The Ranger tab is a service school qualification tab of the United States Army, awarded to any soldier who completes Ranger School at the U.S. Army Fort Benning, Georgia. Soldiers who are awarded the Ranger tab are authorized to wear it for the remainder of their military careers. The Ranger tab is considered the pre-eminent award for soldiers in combat arms branches within the United States Army. It is considered an unwritten rule in the Infantry Branch that a Ranger tab is required to achieve full career success, with the majority of commissioned and non-commissioned officers serving in battalion and above leadership roles (within brigade combat teams and infantry divisions) holding the award.

==Description and history==
The Ranger tab was created in 1950 and is an embroidered quadrant patch worn on the upper left sleeve of a military uniform. The cloth tab is 2+3/8 in long, 11/16 in wide, with a 1/8 in yellow border and the word "RANGER" inscribed in yellow letters 5/16 in high. A metal Ranger badge is authorized for wear on mess/dress and class-B uniforms. The metal badge is black enameled background and gold letters and border.

The original design of the tab had a black and red color scheme, spelling the word RANGERS. This design was an adaption of the traditional Ranger scroll, intended to recognize those who completed training for the Ranger companies that previously existed.

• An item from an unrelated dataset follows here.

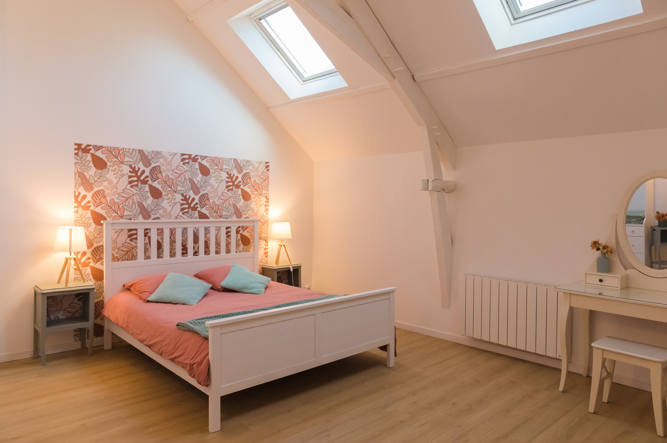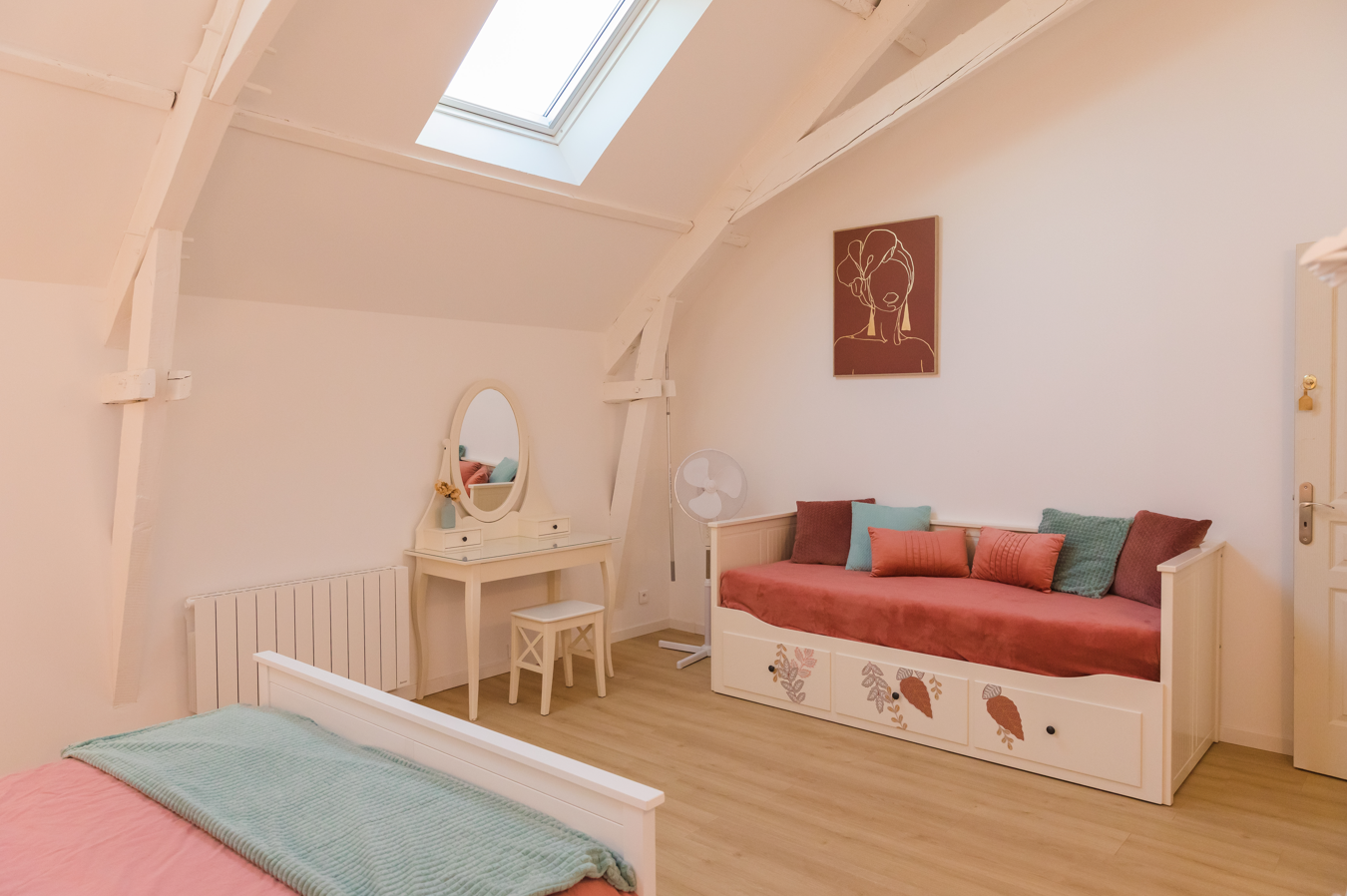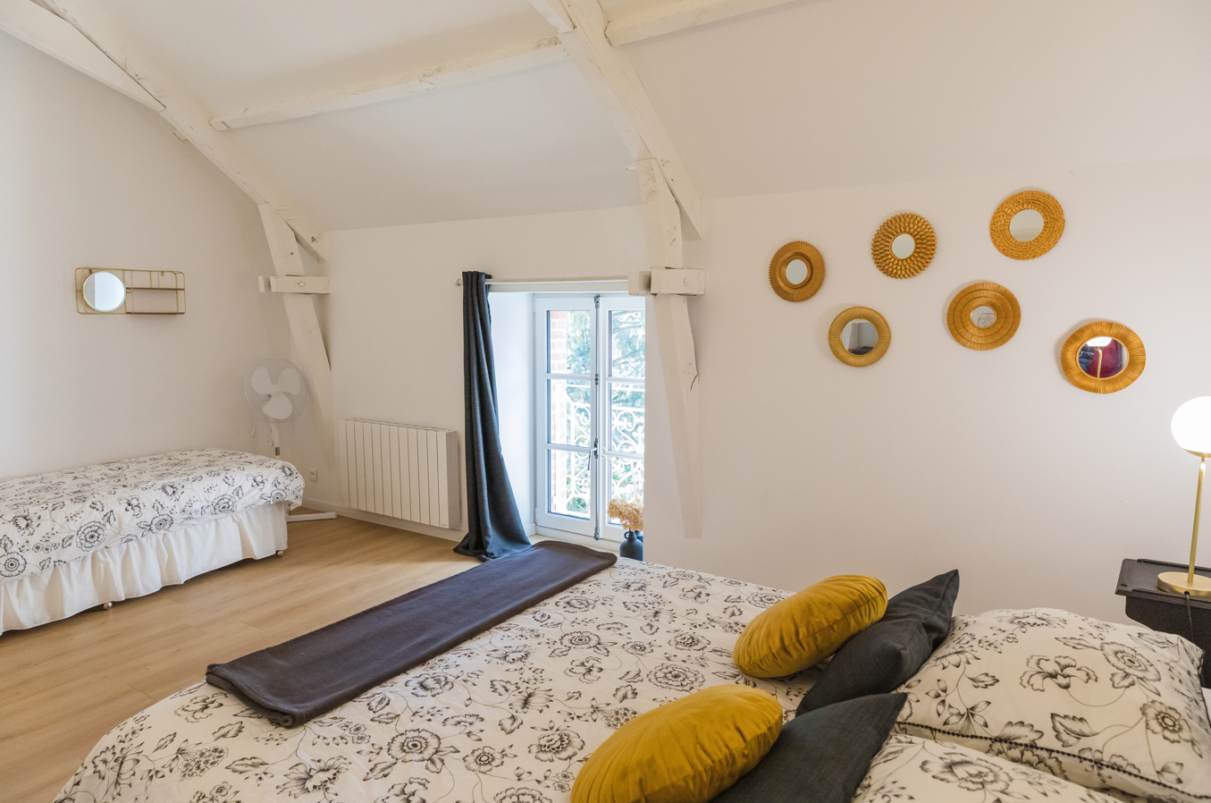 L'escalier mène au 1er étage composé d'un palier, de 4 grandes chambres dont une avec salle d'eau et wc, ainsi qu'une salle d'eau commune avec 2 douches privées et un wc séparé.

At the time of its creation, the Ranger tab was retroactively awarded to any Army soldiers who previously completed a Ranger course conducted by the now-defunct Ranger Training Command. In addition, as set forth in Army regulations, veterans of certain categories of former wartime service are also eligible for retroactive awards of the tab. Among these are:

- Any person who successfully completed a Ranger course conducted by the Ranger Training Command at Fort Benning, Georgia
- Any person who was awarded the CIB while serving during World War II as a member of a Ranger BN (1st through 6th inclusive) or in the 5307th Composite Unit (Provisional) and 475th Infantry Regiment (Merrill's Marauders)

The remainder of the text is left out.